Out West Arts: Performance at the end of the world

Opera, music, theater, and art in Los Angeles and beyond

Dutch Treat

November 17, 2008

The California EAR Unit
Photo: mine 2008

It was one of those apocalyptic weekends in LA. The sun was out but you could barely see it through the smoke everywhere, ash raining from the sky. And while the mood was reflected in a wonderful L.A. Philharmonic program led by Thomas Adès, downstairs at REDCAT, the California EAR Unit picked up on the same vibe. Over three nights, the group hosted a Festival of Contemporary Dutch Music that explored some of the most interesting work coming out of Europe today that was often neither easy nor straight forward. Sadly, one of the three programs was canceled because of the fires on Saturday, but Sunday’s program was fantastic – witty, inventive, and often as theatrical as it was musical.

The evening started off with Grab It! by Jacob ter Veldhuis for solo saxophone with prerecorded vocal and video elements. The work explores some of the musical qualities of speech by editing voice samples of prisoners serving life sentences into a dynamic fast paced collage of sound accompanied by a wild saxophone riff. It was a bang-up high energy start to the evening, and although things got quieter, they never got less interesting. The evening ended with another piece dominated by a video component, Yannis Kyriakides mnemonist S for a small ensemble which involved the musicians repeating a sequence of tones laid out in a prerecorded sample not unlike a memory game. Accompanying this was a video projection of a text recounting a 1936 performance from Solomon Shereshevskii in which he recalled a large sequence of highly related syllables. Confusing? Yes, but fascinating to watch and hear.

In between the video there were other points of interest. Considering that Louis Andriessen’s Disco from 1981 for piano and violin was the most staid, the standard for pushing boundaries was quite high. Diderik Wagenaar offered Schigolch a short work of humming and raspy mouth organs directly referring to the character from Berg’s Lulu.

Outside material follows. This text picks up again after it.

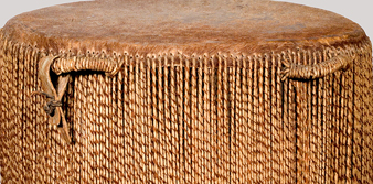 Buganda, Uganda Royal fetish drum from a set of tuned drums or drum chime ca 1910Twine is used to lace two skins together on double-headed drums or just simply to secure the membrane such as the one opposite.

The ensemble shuffled on and off stage in formation for the piece, which fit nicely with the next work, Mayke Nas’ Anyone Can Do It. Inspired by George Maciunas’ Fluxus Manifesto, the piece is nothing but truth in advertising. Two volunteers from the audience joined four musicians on stage. The performers have never seen the “score” before the performance and were not allowed to rehearse. All six sat facing the audience and followed a series of directions on video monitors in front of them, crossing and uncrossing their legs, shuffling their feet, pointing and rising up and down. Here, performance has completely supplanted the actual music of the piece in the interest of a universal ease of use and participation. Musical aptitude and skill are called into question in a humorous and not-so-subtle way.

It was hard to pick a favorite piece of the evening, which also included Richard Ayers No. 34b. All of these compositions from the last few years reference a vibrant musical community and the performance by members of the California EAR Unit were both witty and challenging. And while some may grouse about the balance between process and outcome, I found the whole evening very entertaining and certainly thought provoking. It turned out that the challenges posed by mother nature proved to be worth overcoming on this particular evening.